G. Exercise. An Option shall be exercised by completion, execution and delivery of notice (written or electronic) to the Corporation of the Option which states (i) the Option holder’s intent to exercise the Option, (ii) the number of shares of Common Stock with respect to which the Option is being exercised, (iii) such other representations and agreements as may be required by the Corporation and (iv) the method for satisfying any applicable tax withholding as provided in Section 10. Such notice of exercise shall be provided on such form or by such method as the Committee may designate, and payment of the exercise price shall be made in accordance with Section 6.H. Subject to the provisions of this Plan and the applicable Stock Option Agreement, an Option may be exercised to the extent vested in whole at any time or in part from time to time at such times and in compliance with such requirements as the Committee shall determine. A partial exercise of an Option shall not affect the right to exercise the Option from time to time in accordance with this Plan and the applicable Stock Option Agreement with respect to the remaining shares subject to the Option. An Option may not be exercised with respect to fractional shares of Common Stock.

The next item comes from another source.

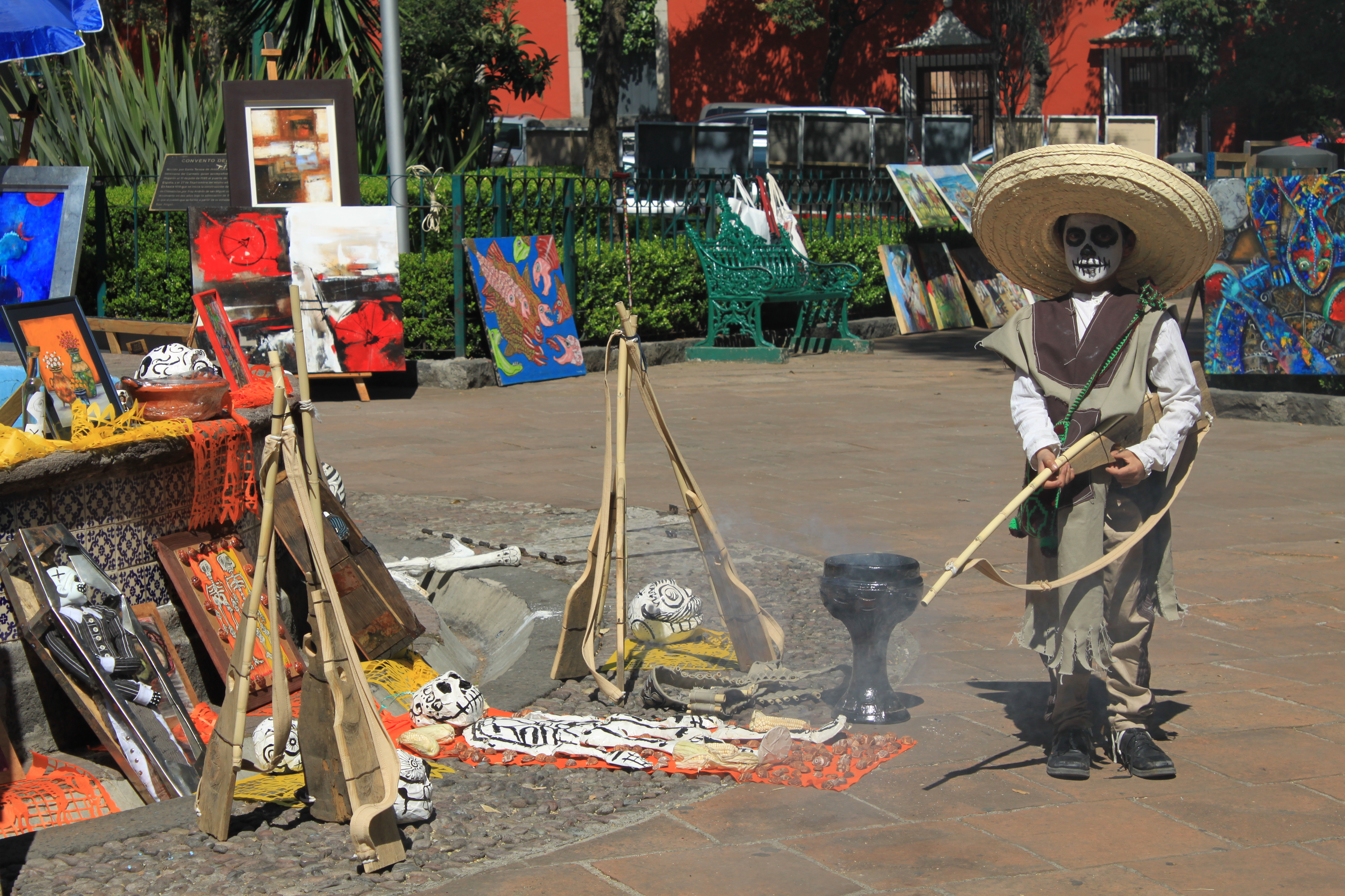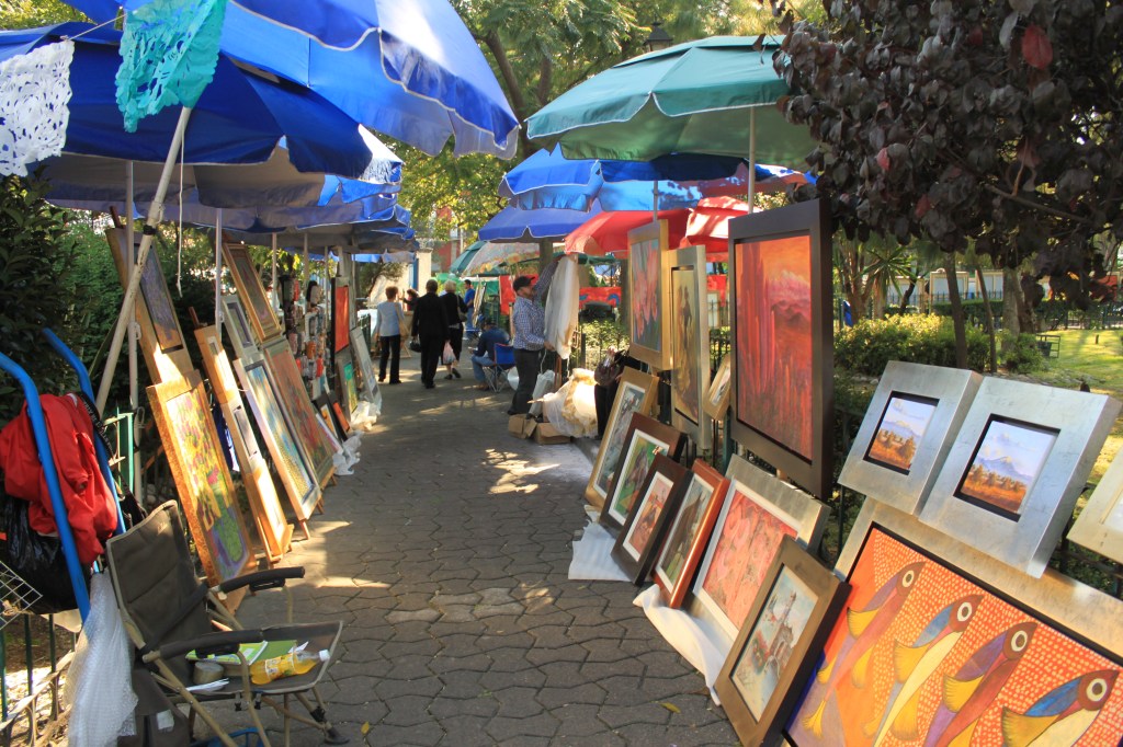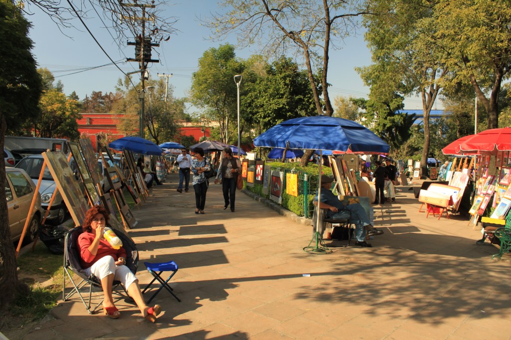 Every Saturday there is an art market held in the plazas of San Angel. Artists of every age, style, technique and talent display their artwork here. Even if you do not want or need to buy anything, it is so lovely just to walk around and look at all the art displayed in front of you and the creations that have been made. There are also quite a few shops surrounding the plaza selling everything from traditional artefacts to modern furniture – in fact over the last year we have been living in Mexico City and visiting San Angel – we have nearly always left with something that we have fallen in love with on our stroll around the plaza. Last Saturday we came back with two oil paintings!

H. Payment. Unless otherwise provided by the Stock Option Agreement, payment of the exercise price for an Option shall be made in cash or a cash equivalent acceptable to the Committee or such other method as may be provided for in the Stock Option Agreement. With the consent of the Committee, payment of all or part of the exercise price of an Option may also be made (i) by surrender to the Corporation (or delivery to the Corporation of a properly executed form of attestation of ownership) of shares of Common Stock that have been held for at least six (6) months prior to the date of exercise, or (ii) if the Common Stock is traded on an established securities market, the Committee may approve a “cashless exercise” by payment of the exercise price by a broker-dealer or by the Option holder with cash advanced by the broker-dealer if the exercise notice is accompanied by the Option holder’s written irrevocable instructions to deliver the Common Stock acquired upon exercise of the Option to the broker-dealer or by delivery of the Common Stock to the broker-dealer with an irrevocable commitment by the broker-dealer to forward the exercise price to the Corporation. If Common Stock is used to pay all or part of the exercise price, the sum of the cash or cash equivalent and the Fair Market Value (determined as of the date of exercise) of the shares surrendered must not be less than the Option price of the shares for which the Option is being exercised.

I. Buyout Provisions. The Committee may at any time offer to buy out an Option previously granted for a payment in cash, shares of Common Stock or other property. Such buyout offer shall be on such terms and conditions as the Committee shall determine.

J. Stockholder Rights. No Participant shall have any rights as a stockholder with respect to shares subject to an Option until the date of exercise of such Option and the certificate for shares of Common Stock to be received on exercise of such Option has been issued by the Corporation.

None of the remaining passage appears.